For the detection, the complex amplificate is in solution at which solid phase or in tissue section before. The detection takes place according to the invention either via a DNA dye which for example intercalated into the complex amplificate, or by incorporating a labeled dNTP during amplification or by hybridization with a specific probe. Intercalating or binding to the phosphate structure Dyes advantageously bind stable and become Do not wash away immediately. In the case of DNA binding Dyes do not have to be washed with advantage, since the Dyes only fluoresce when they bind to and bind to DNA therefore sufficient of unbound dye differ.  

In the latter case, the matrix DNS is connected before the target molecule - if necessary in addition to the capture probe a capture probe for the amplificate with its 5 'end, preferably by phosphating the 5 'end to the solid Phase or the tissue section bound. The capture probe instructs its 3 'end one to a single-stranded area of the complex amplificate complementary sequence over which they hybridized with the amplificate. To protect against degradation it is 3'-terminally modified by exonuclease III, preferably by phosphorothioatisation. After Hybridization of capture probe and complex amplificate the capture probe by the DNA polymerase in the 3 'direction lengthened, the single-stranded area of the complex Amplificate serves as a matrix. It follows Denaturation step, for example by heating, in the result of which the capture probe is again single-stranded. The denaturation is optional, because especially in immobilized amplificate single-stranded areas with which the probe is present in the following step can hybridize.
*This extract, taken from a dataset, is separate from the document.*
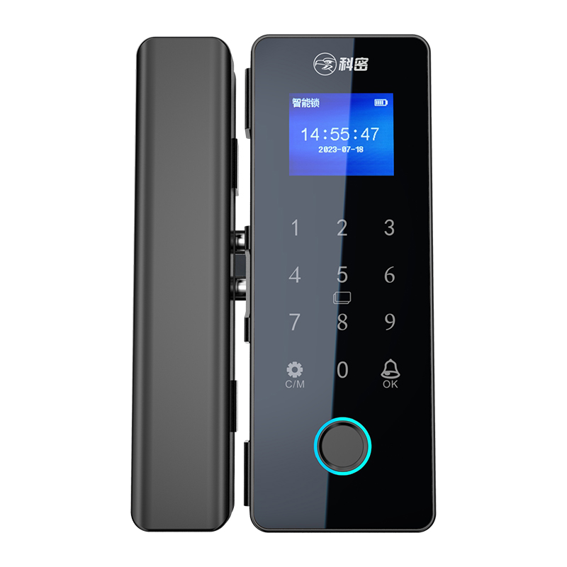 科密玻璃門鎖商鋪雙開門免開孔辦公室鎖有框單開智能單門密碼指紋

Now the detection probe is marked for the reaction batch added a nucleotide sequence that is homologous to one Area of the complex amplificate which is in the 5 'direction from the The range of the amplificate lies at the 3-end of the Detection probe is complementary. This detection probe then hybridizes to the corresponding area of the in 3 'direction extended sequence of the capture probe for the Amplicon.  

Alternatively, it is also possible to use the reaction mixture Add labeled dNTP, i.e. one of those for amplification mark necessary dNTPs. This will both complex amplificate itself as well as the 3 'extension of the Trap marked. Can use the detection probe can be dispensed with here, since the detection via the Markings of the complex amplificate and / or the The capture probe is marked for the amplificate.

Before performing the visualization of the DNA dye or a washing step can be carried out on the marking, due to the non-intercalated or bound dye, unincorporated labeled dNTP or non-hybridized marked detection probe removed from the reaction mixture becomes.

A fluorogen, e.g. B. Ethidium bromide, DAPI, acridine orange used, which about Irradiation with light of a certain wavelength can be visualized. SybrGreen® is particularly preferred used.

A biomolecule, such as, for example, is preferably used as the label for the detection probe or the labeled dNTP. B. fluorescein, aminocoumarin or rhodamine B, digoxigenin or biotin, an enzyme such as. B. horseradish peroxidase, or a radioactive isotope, such as. B. ³² P or ³⁵ S, used to carry out the detection with the usual enzymometric, fluorometric or autoradiographic methods.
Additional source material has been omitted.